§ **The data**
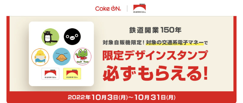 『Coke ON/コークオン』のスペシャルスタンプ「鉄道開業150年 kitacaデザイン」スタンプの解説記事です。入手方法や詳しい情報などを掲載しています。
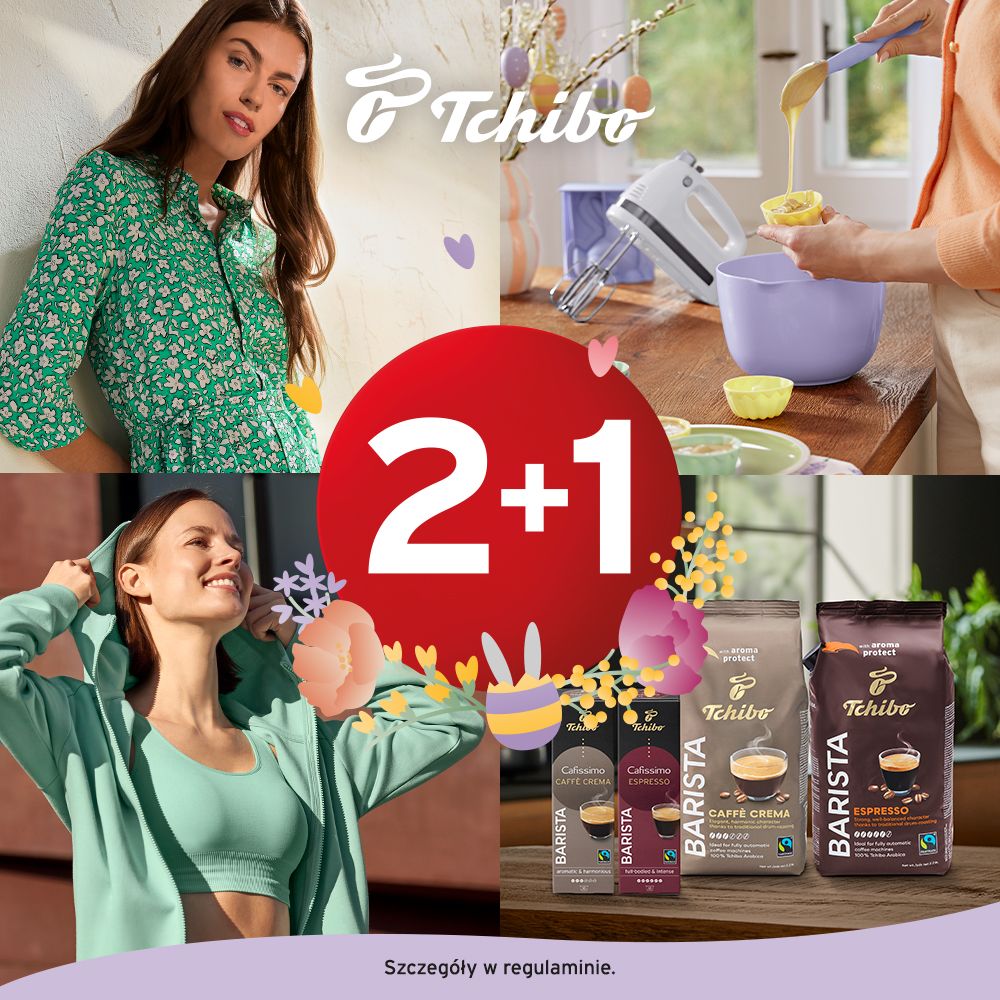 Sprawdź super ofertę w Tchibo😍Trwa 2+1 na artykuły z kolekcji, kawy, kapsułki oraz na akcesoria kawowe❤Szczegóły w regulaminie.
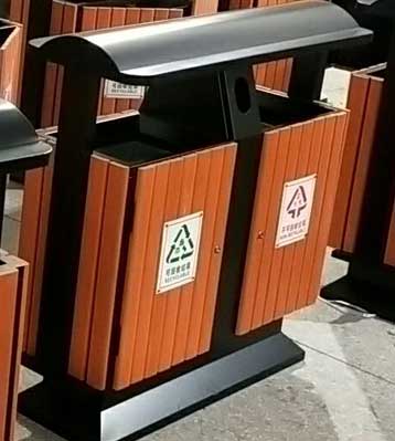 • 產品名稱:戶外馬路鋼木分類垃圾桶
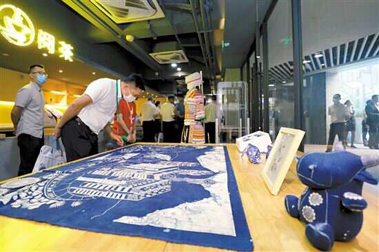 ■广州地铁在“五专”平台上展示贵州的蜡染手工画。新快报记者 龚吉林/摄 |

§ **Aim of the exercise**
Omit pictures; set down the rest of the material word for word.

§ **Solution for this task**
 『Coke ON/コークオン』のスペシャルスタンプ「鉄道開業150年 kitacaデザイン」スタンプの解説記事です。入手方法や詳しい情報などを掲載しています。
 Sprawdź super ofertę w Tchibo😍Trwa 2+1 na artykuły z kolekcji, kawy, kapsułki oraz na akcesoria kawowe❤Szczegóły w regulaminie.
 • 產品名稱:戶外馬路鋼木分類垃圾桶
 ■广州地铁在“五专”平台上展示贵州的蜡染手工画。新快报记者 龚吉林/摄 |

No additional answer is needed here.